My academic research centers on uncovering and closing gaps between the theory and reality of tax policy. My main contribution has been to identify and address a mismatch between the goals for taxation typically assumed in theory and the goals the public and policymakers endorse in reality. In brief, in the academic literature tax policy is evaluated solely by where we all end up, but in reality people also care about how we get there. To narrow this gap I have developed an approach to tax research I call Positive Optimal Taxation. This approach includes three steps: 1) gathering evidence that the goals for taxation assumed in standard theory fit poorly with real-world views; 2) identifying alternative goals—and the philosophical principles behind them—that better describe those real-world views; 3) incorporating those alternative goals into formal modern tax theory and demonstrating that doing so enables us to better explain, and inform, policy.
Consider, for example, the debate over how much to tax the rich. My research has shown that most people think the rich should pay more in taxes not only (and perhaps not even primarily) because a dollar is worth less in the hands of someone with more, the reason assumed in modern tax theory. Instead, they think the rich should pay more also because that's how the rich pay their fair share of the costs of a functioning society or because the rich have benefited more from that society's functioning, views consistent with the Equal Sacrifice principle of taxation that was endorsed by John Stuart Mill and the Classical Benefit-Based Taxation principle put forth by Adam Smith.
Most people, in fact, see merit in a range of potential views on this question and use a mixture of principles when making their judgments, an approach I call “normative diversity.” That approach strikes most of us as a good description of real-world moral reasoning, especially in a democracy, but it is sharply at odds with the standard approach in tax theory. My research shows not only that this conflict exists but also that it can be overcome. That is, modern tax theory can be adjusted to include normative diversity, and the payoff from doing so—in terms of the theory’s power to help us understand actual policy choices—is real.
In the end, I hope that this research succeeds in making my fellow tax theorists think differently about what they assume are the goals of tax policy, changing how tax theory is done and what impact it can have.
Additional strands of my academic research share the same motivation: to bring the study of tax policy into closer contact with practice. I have shown how taking into account differences in preferences across people—which public debates over taxes have always included but which modern research largely assumes away—brings theoretical policy recommendations more in line with existing policy.
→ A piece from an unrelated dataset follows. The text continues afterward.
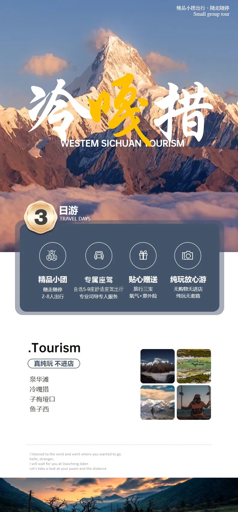 1、子梅垭口自愿前往,不是行程所列必去景点(如遇封山或特殊情况封山与旅行社无关)

And, I have shown how to use complex modern theory to suggest simple reforms and guidelines for taxation and fiscal policy, rather than the intricate and sometimes impractical proposals those models most directly imply.
Like my academic research, my course development work for HBS helps us to understand why societies choose the economic policies they do, and how they might do better. Most of this work is included in my elective course: The Role of Government in Market Economies (RoGME). RoGME follows in the tradition of decades of pedagogy at HBS, providing the nuanced perspective on the role of government that is essential for the future leaders we train to maximize the positive difference they will make in the world. Whether the topic is reform of public education, coordination on climate change, management of the national debt, regulation of immigration, or the design of taxes, we find our way to a discussion of not only what the key tradeoffs are but also how to think about making them. In the end, aided by the unique power of the case method to make abstract questions tangible and fundamental disagreements plain, RoGME students come to see debates over specific policy issues as examples of a deeper, more analytically useful tension between competing views of the proper role of the government.